A new fingerprinting technique, developed by a team of University of Cambridge, allows websites to uniquely identify a phone, based on data from the accelerometer, gyroscope, and magnetometer sensors.



Usually web browser provides a range of information to the website, including the name and version of software, screen size, fonts installed, officially in order to provide a better user experience.

However this information can also be used to track users, generating a distinctive signature, or device fingerprint, thact may be used to track users across websites.

Some browsers itself (i.e. Firefox 67) or browser plugins (such us Privacy Badger) allows user to try avoid browser fingerprinting filtering tracking cookies, requests to tracking domains or limiting use of canvas fingerprinting.

https://www.youtube.com/watch?v=w95SiRYaMx0

This brand new technique, named SensorID has been developed by Jiexin Zhang , Alastair Beresford and Ian Sheret from University of Cambridge: using data from the accelerometer, gyroscope, and magnetometer sensors allow website to create a unique fingerprint of users smartphones.

We have developed a new type of fingerprinting attack, the calibration fingerprinting attack. Our attack uses data gathered from the accelerometer, gyroscope and magnetometer sensors found in smartphones to construct a globally unique fingerprint. Overall, our attack has the following advantages:

- The attack can be launched by any website you visit or any app you use on a vulnerable device without requiring any explicit confirmation or consent from you.
- The attack takes less than one second to generate a fingerprint.
- The attack can generate a globally unique fingerprint for iOS devices.
- The calibration fingerprint never changes, even after a factory reset.
- The attack provides an effective means to track you as you browse across the web and move between apps on your phone.
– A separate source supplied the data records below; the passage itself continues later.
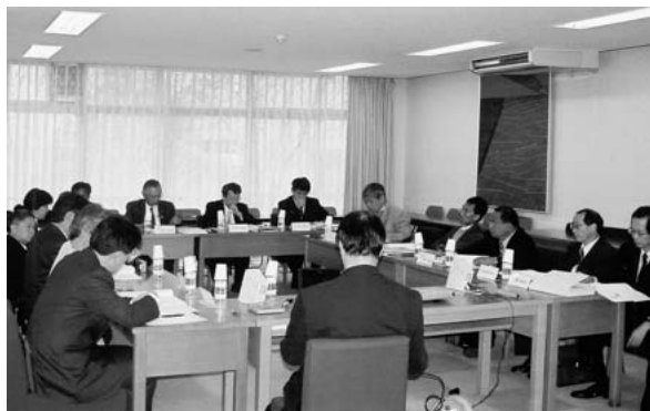
AAACU 理事会の様子（農学部大会議室）

なお、本学が担当する第15回大会は、「アジア農科系大学連合における遠隔教育のための E-learning System の確立」をテーマに、2004年9月27日から30日までの4日間、シンポジオンホールを会場に開催される予定です。
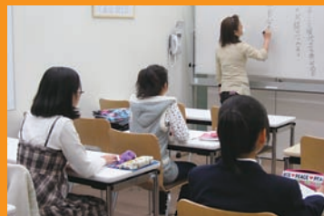
クラス授業の様子
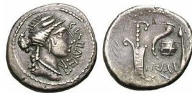
Denario híbrido de origen dacio con el anverso de RRC 428/1 y el reverso de RRC 464/3 (Davis A, II; website M265) 43

La tipología de las monedas de Carisio son ciertamente inusuales 34 . En un principio, el tipo atractivo del denario RRC 464/1 se creía que pretendía aludir (y alabar) a César al mencionar el supuesto origen troyano de los gens Iulia (a través de Venus y Eneas) 35 , con la cabeza de la Sibila 36 , cuya cualidad oracular estaría simbolizada por esfinge 37 , que de manera tradicional se ha interpretado como su animal heráldico 38 . A. Alföldi vio en la Sibila una nueva época de felicidad y un nuevo saeculum 39 , aunque esta interpretación estaría más de acorde tras la muerte de César 40 . También pudiera tratarse de que el personaje en cuestión fuese miembro de los XVviri 41 , uno de los cuatro collegia mayores con funciones sacerdotales de Roma, que, en particular, guardaban los Libros Sibilinos, pero esta afirmación ha sido igualmente negada 42 .
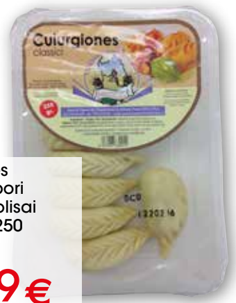
Culurgiones Antichi Sapori del Mandrolisai classici, g 250 al kg € 8,76
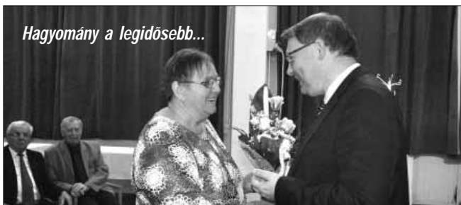
Hagyomány a legidősebb...
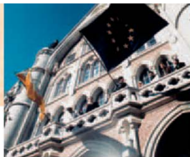
L'Université Catholique de Lille
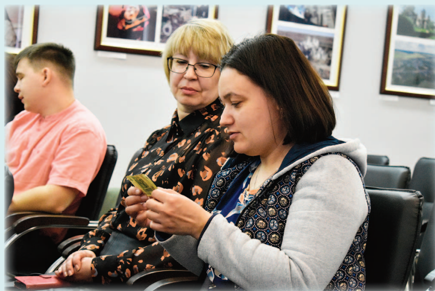
Мастер-класс о том, как распознать испорченную купюру

Р есурсный центр работает на постоянной основе. Здесь реализуются проекты «FinClub PROфинансы» для молодёжи, «ФинГид» – занятия для волонтеров серебряного возраста, Школа финансовой грамотности «Финансики» для детей младшего школьного возраста. А также – клуб «Твой финансовый наставник», где проходят занятия и лекции для людей среднего возраста. В Центре рассказывают, как научиться правильно вести свой бюджет и по-
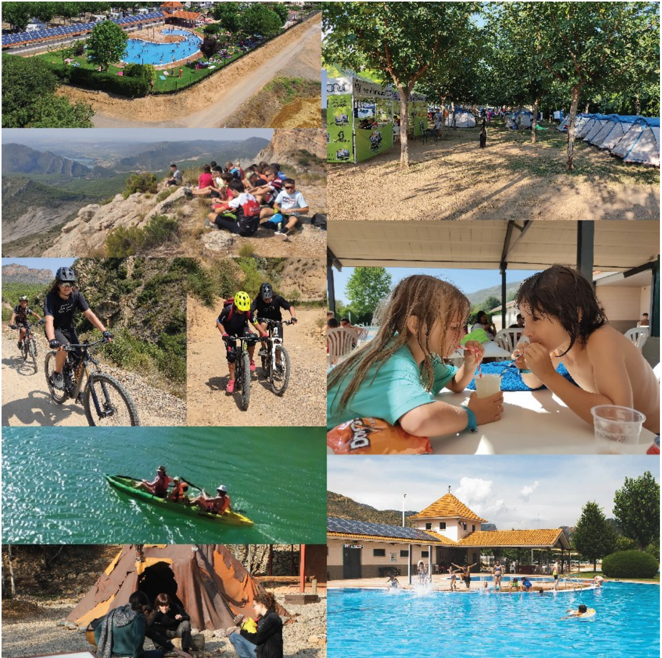
Bike Aventura Cami de Palau KM 1 S/N, 25245 Vila-sana
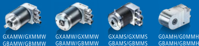
GXAMW/GXMMW GBAMW/GBMMW GXAMS/GXMMS GBAMS/GBMMS G0AMH/G0MMH GBAMH/GBMMH

Precise optical sensing – integrated interface – resolution up to 18 bit
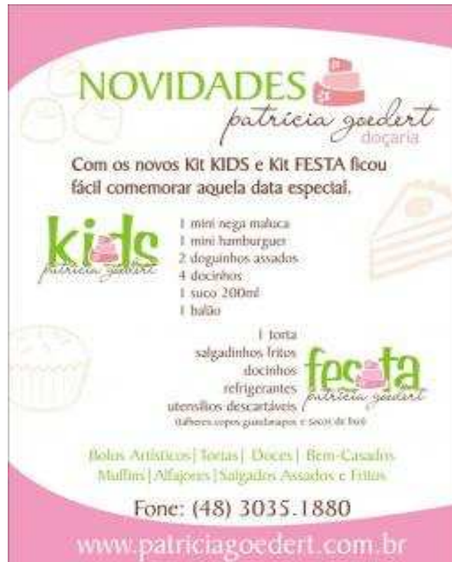
Figura 29: Flyer de divulgação do Kit Kids.

- KIT KIDS: uma lancheirinha com uma mini nega maluca, um mini hambúrguer, dois doguinhos assados, quatro docinhos, um suco de duzentos mililitros e um balão.
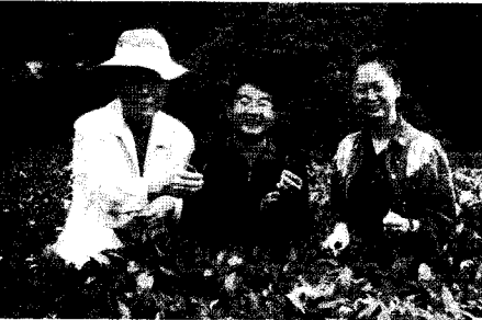
2005년 중국 운남성 차 원산지 방문

보고 되어 있습니다. 안전 사용기준을 지켜 사용하면 농약은 소기의 목적을 달성한 후 여러 경로로 분해되어 농약으로서의 역할을 잃어버리게 됩니다. 따라서 안전사용기준을 준수하여 농약을 사용하도록 철저히
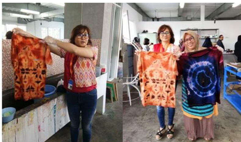
Gambar 8. Proses penetralan teknik dingin (bleaching) dengan membilas kain/ baju dengan air dingin

https://sensorid.cl.cam.ac.uk/

A PoC (the same used in the video above) is available at https://sensorid.cl.cam.ac.uk/gyroID/:

This proof-of-concept website obtains a hardware identifier for iOS devices based on the calibration information of the gyroscope. This identifier cannot be changed by the user, including with a factory reset. This method works on all iOS devices we have tested that contain a gyroscope.
Extracting the calibration matrix typically takes a few seconds and does not depend on the position or orientation of the device. Vigorous movement during extraction requires additional samples.
This website only works for iOS devices with an M-series motion coprocessor.


How to mitigate this fingerprinting technique?
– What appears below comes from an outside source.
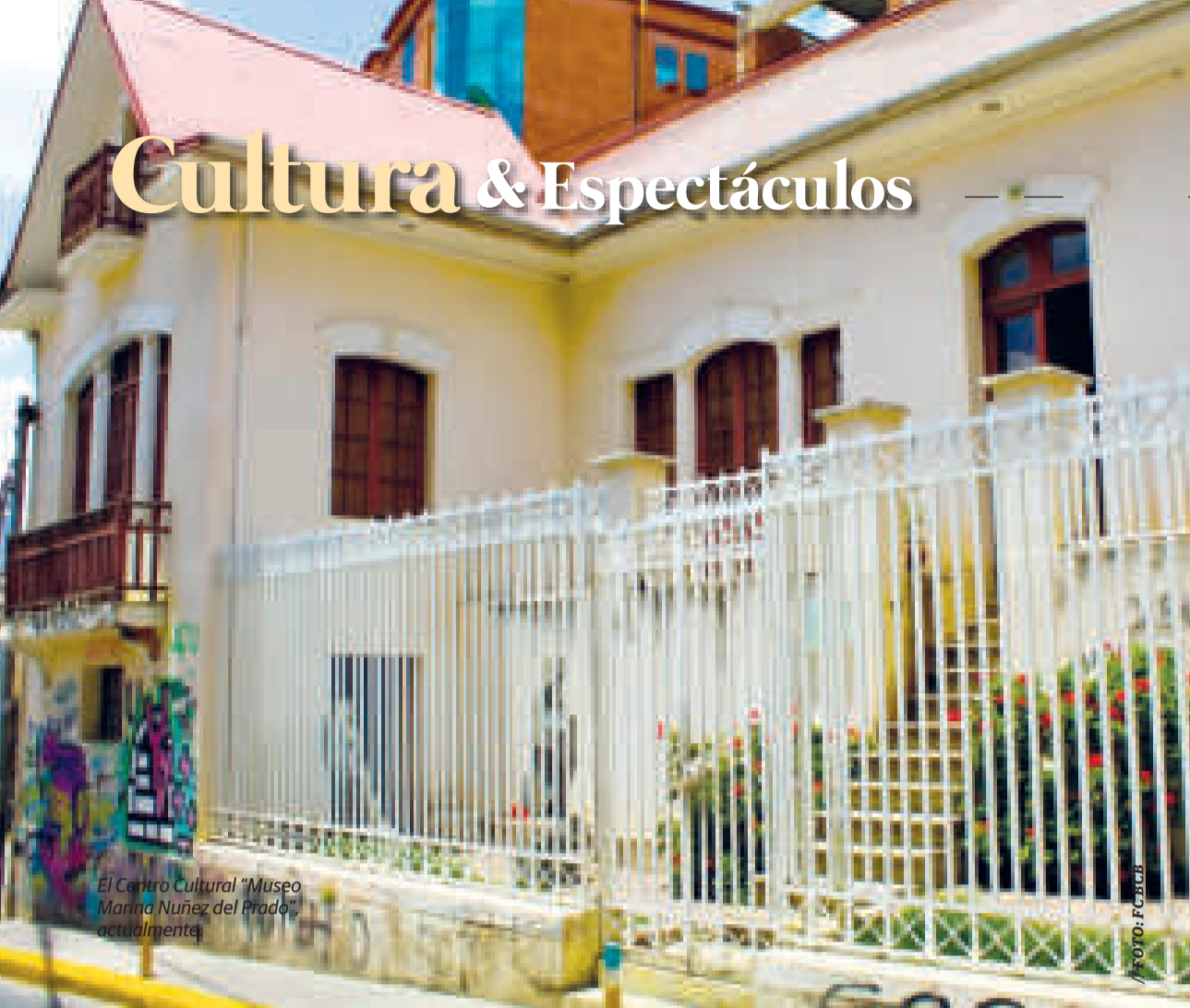
El Centro Cultural "Museo Marina Núñez del Prado", actualmente.

To mitigate this fingerprint attack, researchers suggest vendors to add an "uniformly distributed random noise to ADC outputs before calibration is applied".
Alternatively, vendors could round the sensor outputs to the nearest multiple of the nominal gain.

This technique was disclosed to Apple on August 2018 and to Google on December 2018.
On iOS 12.2, Apple adopted suggestions and added random noise to the ADC outputs (CVE-2019-8541) and removes access to motion sensors from Mobile Safari by default.
Google is currently still working on a fix.